Remainder, as its name suggests, is something that "remains" after completing a task.

Assume that you have 15 cookies that you want to share with 3 of your friends, Mary, David, and Jake.

You want to share the cookies equally among your friends and yourself.

You will begin distributing them in the following way.

Here, you can see that there are 3 cookies "remaining" after the distribution.

These 3 cookies cannot be further shared equally among the 4 of you.

Hence, 3 is called the "remainder" here.

We can understand the meaning of the remainder from the following illustration.

You can change the number of things and the number of groups by moving the corresponding sliders and see the remainder.

Definition of Remainder

Remainder is a part of something that is "remaining" after division.

The remainder is left over when a few things are divided into groups with an equal number of things.

Let's recall the scenario we discussed earlier about 15 cookies being shared equally among \(4\) children.

In other words, 15 cookies had to be divided into 4 equal groups.

We were left with 3 cookies and hence, 3 was the remainder.

Let us consider another example.

Let us assume that 8 slices of pizza are to be shared equally among 2 children. 

How many pieces of pizza remain unshared?

You can look at the picture below to understand how we have divided the slices of pizza equally between the two children.

Thus, the remainder is 0 as no pieces of pizza are left unshared.

We cannot always pictorially show how we divide a number of things equally among the groups in order to find the remainder.

Instead, we can find the remainder using the long division method.

For example, the remainder in the above example on cookies can be found using long division as follows:

The remainder of this division is 3.

The remainder in the above example on pizza can be found using long division as follows:

The remainder of this division is 0.

Examples of Remainder

Let us consider the division \(43 \div 2\).

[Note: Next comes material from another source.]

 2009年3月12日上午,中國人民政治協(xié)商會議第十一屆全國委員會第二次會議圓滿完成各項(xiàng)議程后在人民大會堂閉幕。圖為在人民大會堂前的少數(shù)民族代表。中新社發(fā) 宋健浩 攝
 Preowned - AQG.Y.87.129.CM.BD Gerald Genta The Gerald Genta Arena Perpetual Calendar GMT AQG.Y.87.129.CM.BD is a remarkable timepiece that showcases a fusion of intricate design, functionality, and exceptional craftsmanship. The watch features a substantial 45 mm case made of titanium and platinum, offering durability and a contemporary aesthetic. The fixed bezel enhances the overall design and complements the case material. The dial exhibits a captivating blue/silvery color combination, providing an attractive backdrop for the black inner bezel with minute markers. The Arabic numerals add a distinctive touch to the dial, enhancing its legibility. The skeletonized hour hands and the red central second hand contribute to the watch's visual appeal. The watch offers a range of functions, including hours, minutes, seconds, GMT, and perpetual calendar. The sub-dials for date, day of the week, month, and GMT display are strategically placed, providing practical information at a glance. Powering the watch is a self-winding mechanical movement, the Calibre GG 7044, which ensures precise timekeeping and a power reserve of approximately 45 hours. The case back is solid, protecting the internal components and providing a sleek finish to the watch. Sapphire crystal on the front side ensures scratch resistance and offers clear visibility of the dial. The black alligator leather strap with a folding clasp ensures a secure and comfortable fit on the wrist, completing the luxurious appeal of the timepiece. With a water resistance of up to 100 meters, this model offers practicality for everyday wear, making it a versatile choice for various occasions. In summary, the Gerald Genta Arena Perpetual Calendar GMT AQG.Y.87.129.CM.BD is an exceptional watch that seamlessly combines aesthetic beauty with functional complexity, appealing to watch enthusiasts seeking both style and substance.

Let us find the remainder of this division using the following illustration.

You can use the "Play" and "Reset" buttons to view this illustration.

Thus, 1 is the remainder.

Here are some other examples of remainders.

Division	Remainder
\(35 \div 6\)	5
\(42 \div 8\)	2
\(121 \div 11\)	0
\(118 \div 12\)	10
\(120 \div 17\)	1

You can check these remainders by doing long division.

Let us divide 7 by 2 using long division and see what the quotient and the remainder are.

We can represent the remainder of division in two ways.

One is by writing the quotient and the remainder with an "R" in between them.

Dividend \(\div\) Divisor = Quotient \(R\) Remainder

For example, \(7 \div 2\) can be written as:

\[7 \div 2 = 3 \, R \, 1\]

Another way to represent the remainder is by showing it as a part of a mixed fraction.

\( \dfrac{ \text{Dividend}}{ \text{Divisor}} = \text{Quotient} \dfrac{ \text{Remainder}}{\text{Divisor}} \)

For example, \(7 \div 2\) can be written as:

\[7 \div 2 = 3 \dfrac{1}{2}\]

We can enter the dividend and the divisor in the following calculator and it will show us the quotient and the remainder.

It also shows the division equation by clicking on the checkbox.

The properties of the remainder are as follows:

• The remainder is always less than the divisor. A remainder that is either greater than or equal to the divisor indicates that the division is incorrect.
   
• If one number (divisor) divides the other number (dividend) completely, then the remainder is 0.
   
• The remainder can be either greater, lesser, or equal to the quotient.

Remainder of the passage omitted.